Enological Italy gathered on the Campidoglio [Rome’s Capitoline Hill] last February 8 to celebrate the 20th anniversary of the founding of the Associazione Nazionale delle Città del Vino [National Association of Wine Towns]. The ceremony, staged in the extremely crowded Protomoteca Hall, with the city’s mayor, Walter Valtroni, in the lead, was a brilliant affair with the participation of the best names in the Italian wine sector.
Valentino Valentini, the organization’s newly elected president, assembled producers, journalists, researchers and enologists as well as politicians and local administrators to share in a new manifesto in defense of quality viticulture. It is a statement by producers and local administrators that refers to what they are working toward and commits them to a type of development that safeguards the identity of our products and Italian wine culture.
The most moving moment of the event was that of the presentation of awards to 68 persons who have contributed through their professional or institutional actions to the growth of Italian culture and the economic development of the territories of production.
“With this recognition, we wish to celebrate the anniversary of the Wine Towns organization,” Valentini declared, “and pay tribute to those who have played leading roles in assuring Italian wines’ place worldwide and affirming the success they have secured in their different fields of activity.”

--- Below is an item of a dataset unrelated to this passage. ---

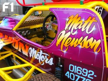 13. FOR SALE. My current F1 Shale car. Complete, on the button and ready to race. This car is only just over a season old from brand new and maintained regardless off cost. Built by Team newson to the higest quality. won many races and finals, car comes with new bumpers and side irons and all new panal work so it looks like brand new again. Includes- Big Block 510 Chevy, recently refurbished and only been used 7 times since build produced 670bhp. Steel scat crank. 4 Bolt mains. eagle rods. srp race pistons. brodix alloy heads with titanium valves miloden sump comp cam roller camshaft and lifters harland sharp roller rockers New holley race c and c ported carb New billet aluminium Carter fuel pump Allstar fuel filter and steel braided fuel pipes MSD distributor MSD 6al box MSD blaster 2 coil Taylor plug leads pro cool alloy radiator Headman headers Dyno tech silencers aluminium fuel tank K and N air filter tilton reverse drive bellhousing and starter motor (the best you can buy) Triple plate clutch Hydraulic release bearing doug nash gearbox Power steering Transit front axle with shocks mounted down the front Transit rear axle on birdcage setup with torque arm (and 5th link option as well) 5 star shockers all round 4 pot callipers on front with big bmw discs 2 pot callipers on rear with solid mounted discs Steel braided brake lines all round sweet steering wheel and coupling Tilton clutch cylinder Wilwood brake cylinders Wilwood brake proportioning valve X3 60 degree wilwood brake pedal box mounted beside the seat New autometer gauges (oil filled)- Rev counter, oil pressure and water temperacture lucas isolater and ignition switch Taylormade shale wing Kirkey lightweight seat with head restraints trw 5 point harness This car is as good as it gets and would also go on tarmac with no problems if needed £18.000. ring mat on 07826842622

Giacomo Rallo, founder of Donnafugata, was among the producers honored. It was a recognition, according to the citation, that honors “one of the historic figures of the island’s premium wines.” “Italian wine producers owe a great deal to the Associazione delle Città del Vino,” Giacomo Rallo observed when talking with journalists covering the ceremony. “The association has been an important point of reference for all those who in these years have believed that the territory constitutes an important factor of productive identity. Donnafugata arises from our passion for the land, for those who live and work on it and for the culture that it expresses. What would Pantellera be without the Zibibbo vineyard and the farmers who cultivate it? Or, still, what would the Belice Valley at Contessa Entellina be without Nero d’Avola and Ansonica growing on its hills? Identity, history and landscape are indivisible from the idea itself of wine. That is the added value that renders Italian wines unique and inimitable in the world.”